Overview
The powerful Graphics Processing Unit (GPU) VMs excel at massive parallel processing. This specialized hardware best accelerates compute-intensive workloads, such as training complex AI models, machine learning inference, and high-speed 3D rendering.
Cloud GPU VMs come with predefined templates. You cannot create new templates or modify the existing templates. Use Cloud API standard operations with template read access and volume management to deploy Cloud GPU VMs. Plan your storage requirements carefully and select the best template for your use case; otherwise, you will have to use additional volumes for your storage needs.

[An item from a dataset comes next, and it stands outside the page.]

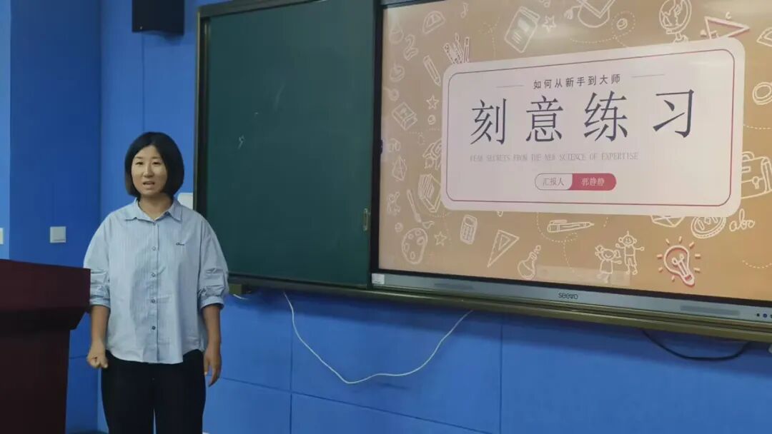 数学组张蕾老师作《刻意练习》与数学教学融合实践的分享,聚焦 “用‘刻意练习’重塑数学学习”。书中核心是破除天才神话,指出杰出源于长期有目的的刻意练习,其含明确目标、专注投入、即时反馈、走出舒适区四要素,还澄清 “一万小时定律”—— 关键在训练质量而非单纯时长。数学教学中,先分解子技能(如逻辑推理、符号运算),再设精准目标(如掌握三角形辅助线),借错题标准化整理与变式训练、“慢练” 拆解解题步骤,结合教师巡视、同伴互评、AI 批改等反馈,辅以反思日志培养元认知,最后提及实践反思与未来展望。

Cloud GPU VM configuration
Dedicated instance specifications and configuration templates
The server sizing model allocates Cloud GPU VMs with corresponding dedicated CPU cores and RAM based on available host capacity. The architecture utilizes PCIe passthrough for direct hardware access and optimal performance.
Template specifications
You may choose between the following four template sizes. The templates can only be used with the Cloud GPU VMs. CPU and RAM allocate proportionally to the number of GPUs. Resources utilize dedicated cores with limited flexibility.
Warning: Configuration templates are created during provisioning and cannot be changed later.
The breakdown of resources is as follows:
Template
GPU Model
GPU Type
Number of GPUs
Dedicated CPUs
RAM (GiB)
NVMe Storage (GB)
S
NVIDIA H200
H200 PCIe
1
15
267
1024
M
NVIDIA H200
H200 PCIe
2
30
534
1536
L
NVIDIA H200
H200 PCIe
4
60
1068
2048
XL
NVIDIA H200
H200 PCIe
8
127
2136
4096
Dedicated resource model
CPU Cores: Dedicated AMD EPYC Turin (non-shared) allocation, with a fixed ratio proportional to the number of GPUs.
Memory: Fixed ratio based on host specifications.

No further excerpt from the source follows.